BT

Facilitating the Spread of Knowledge and Innovation in Professional Software Development

Write for InfoQ

Topics

Choose your language

InfoQ Homepage Articles 14 Things I Wish I’d Known When Starting with MongoDB

14 Things I Wish I’d Known When Starting with MongoDB

This item in japanese

Key Takeaways

  • Even though MongoDB doesn’t enforce it, it is vital to design a schema.
  • Likewise, indexes have to be designed in conjunction with your schema and access patterns.
  • Avoid large objects, and especially large arrays.
  • Be careful with MongoDB’s settings, especially when it concerns security and durability.
  • MongoDB doesn’t have a query optimizer, so you have to be very careful how you order the query operations.

I’ve been a database person for an embarrassing length of time, but I only started working with MongoDB recently. When I was starting out with MongoDB, there are a few things that I wish I’d known about. With general experience, there will always be preconceptions of what databases are and what they do. In hopes of making it easier for other people, here is a list of common mistakes.

Creating a MongoDB server without authentication

Unfortunately, MongoDB installs without authentication by default. This is fine on a workstation, accessed only locally. But because MongoDB is a multiuser system that likes to use as much memory as it can, it is much better installed on a server, loaded up to the hilt with RAM, even for development work. To install it on a server on the default port without authentication is asking for trouble, especially when one can execute arbitrary JavaScript within a query (e.g. $where as a vector for injection attacks).

There are several authentication methods, but user ID/password credentials are easy to install and manage. Do that method while you think about your fancy LDAP-based authentication. While we’re talking about security, MongoDB must be kept up-to-date, and it is always worth checking logs for signs of unauthorized access. I like to use a different port to the default.

Forgetting to tie down MongoDB’s attack surface

MongoDB’s security checklist gives good advice on reducing the risk of penetration of the network and of a data breach. It is easy to shrug and assume that a development server doesn’t need a high level of security. Not so: It is relevant to all MongoDB servers. In particular, unless there is a very good reason to use  mapReduce, group, or $where, you should disable the use of arbitrary JavaScript by setting javascriptEnabled:false in the config file. Because the data files of standard MongoDB is not encrypted, It is also wise to Run MongoDB with a Dedicated User with full access to the data files restricted to that user so as to use the operating systems own file-access controls.
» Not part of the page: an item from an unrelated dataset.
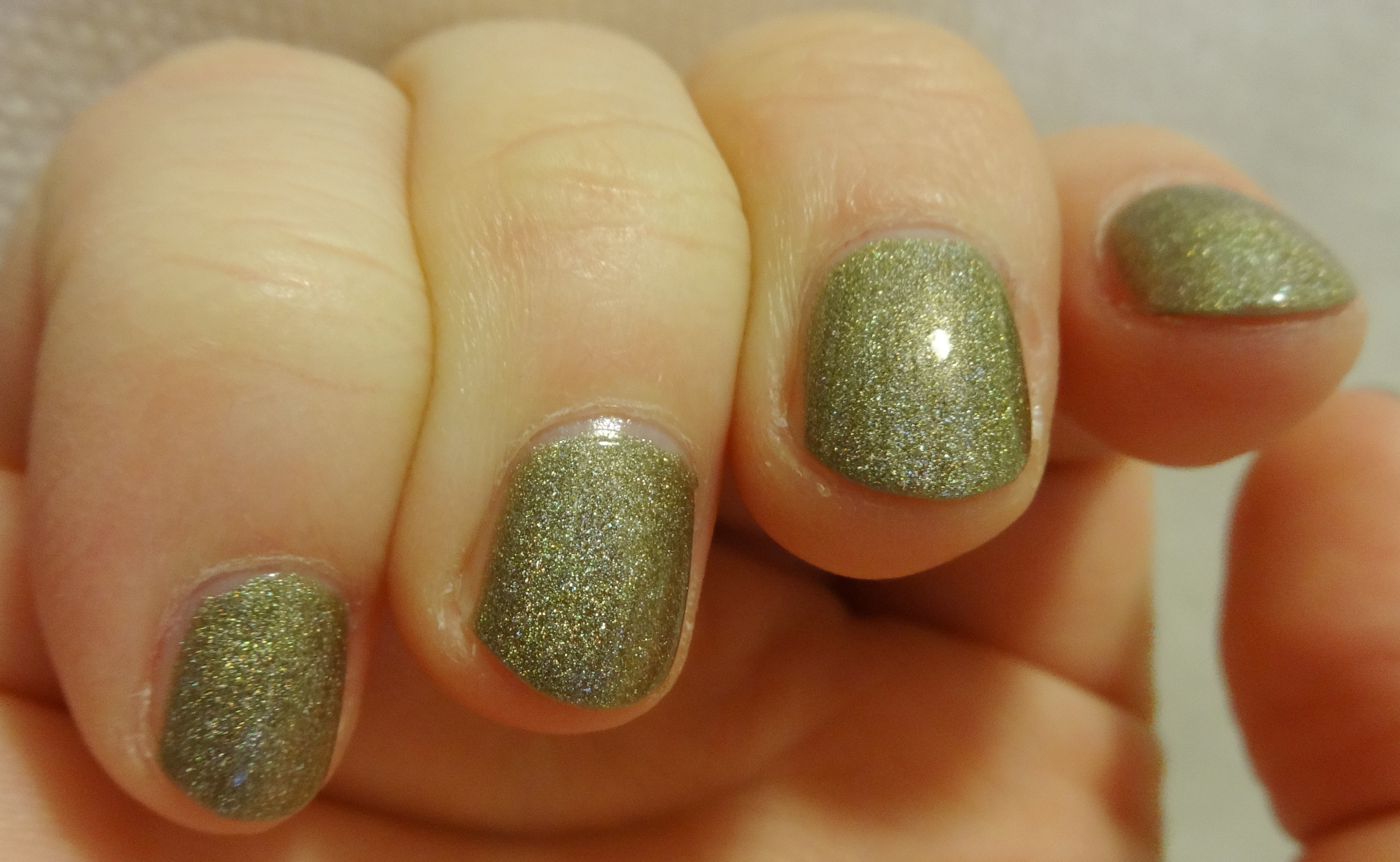 Now, my disappointment with its holo-ness aside, the formula on this is great. I did two thin coats here, but if you have longer nails, you might want to go with three thin coats. The wear time is great- I wore if for about a week while vacationing and was very hard on my nails, and it suffered only a single minor chip (from suitcase wrangling). It dries fast, and a little bit satin, so you’ll want a topcoat to make it shiny. I’ve used Glisten and Glow HK Girl.

Failing to design a schema

MongoDB doesn’t enforce a schema. This is not the same thing as saying that it doesn’t need one. If you really want to save documents with no consistent schema, you can store them very quickly and easily but retrieval can be the very devil.
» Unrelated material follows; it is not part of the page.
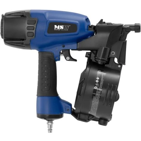 La chiodatrice ad aria compressa professionale di MSW fa risparmiare tempo e forza nei cantieri, nell’industria e nei lavori a casa. La chiodatrice pneumatica può essere utilizzata per tanti lavori differenti e su superfici diverse: da un lavoro su tetti e facciate al montare i mobili o per tutti quei lavori di riparazione. Um den unterschiedlichsten Ansprüchen gerecht zu werden, bietet der Luftdrucknagler eine einstellbare Tiefenführung und arbeitet mit Nägeln unterschiedlicher Länge (32 – 65 mm).

The classic article ‘6 Rules of Thumb for MongoDB Schema Design’ is well worth reading, and features like Schema Explorer from third-party tools such as Studio 3T is well worth having for regular schema check-ups.

Forgetting about collations (sort order)

This can result in more frustration and wasted time than any other misconfiguration. MongoDB defaults to using binary collation. This is helpful to no cultures anywhere. Case-sensitive, accent-sensitive, binary collations were considered curious anachronisms in the eighties along with beads, kaftans and curly moustaches. Now, they are inexcusable. In real life a motorbike is the same as a Motorbike. Britain is the same place as britain. Lower-case (minuscule) is merely a cursive equivalent of an upper-case (majuscule) letter. Don’t get me started about the collation of accented characters (diacritics).  When you create a MongoDB database, use an accent-insensitive, case-insensitive collation appropriate to the languages and culture of the users of the system. This makes searches through string data so much easier.

Creating collections with large documents

MongoDB is happy to accommodate large documents of up to 16 MB in collections, and GridFS is designed for large documents over 16MB. Because large documents can be accommodated doesn’t mean that it is a good idea. MongoDB works best if you keep individual documents to a few kilobytes in size, treating them more like rows in a wide SQL table. Large documents will cause several performance problems.

Creating documents with large arrays

Documents can contain arrays. It is best to keep the number of array elements well below four figures. If the array is added to frequently, it will outgrow the containing document so that its location on disk has to be moved, which in turn means every index must be updated. A lot of index rewriting is going to take place when a document with a large array is re-indexed, because there is a separate index entry for every array element. This re-indexing also happens when such a document is inserted or deleted.

MongoDB has a ‘padding factor’ to provide space for documents to grow, in order to minimize this problem.

You might think that you could get around this by not indexing arrays. Unfortunately, without the indexes, you can run into other problems. Because documents are scanned from start to end, it takes longer to find elements towards the end of an array, and most operations dealing with such a document would be slow.

Forgetting that the order of stages in an aggregation matters

In a database system with a query optimizer, the queries that you write are explanations of what you want rather than how to get it. It is like ordering in a restaurant; you usually just order the dish, rather than give detailed instructions to the cook.

In MongoDB, you are instructing the cook. For example, you need to make sure that the data is reduced as early as possible in the pipeline via $match and $project, sorts happen only once the data is reduced, and that lookups happen in the order you intend. Having a query optimizer that removes unnecessary work, orders the stages optimally, and chooses the type of join can spoil you. MongoDB gives you more control, but at a cost in convenience.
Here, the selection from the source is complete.